:: DATA IN THIS EXERCISE

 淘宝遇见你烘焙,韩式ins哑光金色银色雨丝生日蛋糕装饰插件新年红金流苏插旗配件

::::
:: DATA IN THIS EXERCISE

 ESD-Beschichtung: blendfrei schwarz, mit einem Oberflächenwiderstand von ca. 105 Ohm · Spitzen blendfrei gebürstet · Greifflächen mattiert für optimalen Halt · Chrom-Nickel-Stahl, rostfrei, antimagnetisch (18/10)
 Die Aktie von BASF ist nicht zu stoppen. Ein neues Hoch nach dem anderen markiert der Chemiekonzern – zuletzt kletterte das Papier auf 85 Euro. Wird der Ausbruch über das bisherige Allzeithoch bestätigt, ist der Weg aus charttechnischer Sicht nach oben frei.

::::

EXERCISE GOAL: Look above for the line holding "ESD-Beschichtung: blendfrei schwarz, mit". Print it and every line after it, exactly, through the line holding "Die Aktie von".

SOLUTION TO THIS TASK:
 ESD-Beschichtung: blendfrei schwarz, mit einem Oberflächenwiderstand von ca. 105 Ohm · Spitzen blendfrei gebürstet · Greifflächen mattiert für optimalen Halt · Chrom-Nickel-Stahl, rostfrei, antimagnetisch (18/10)
 Die Aktie von BASF ist nicht zu stoppen. Ein neues Hoch nach dem anderen markiert der Chemiekonzern – zuletzt kletterte das Papier auf 85 Euro. Wird der Ausbruch über das bisherige Allzeithoch bestätigt, ist der Weg aus charttechnischer Sicht nach oben frei.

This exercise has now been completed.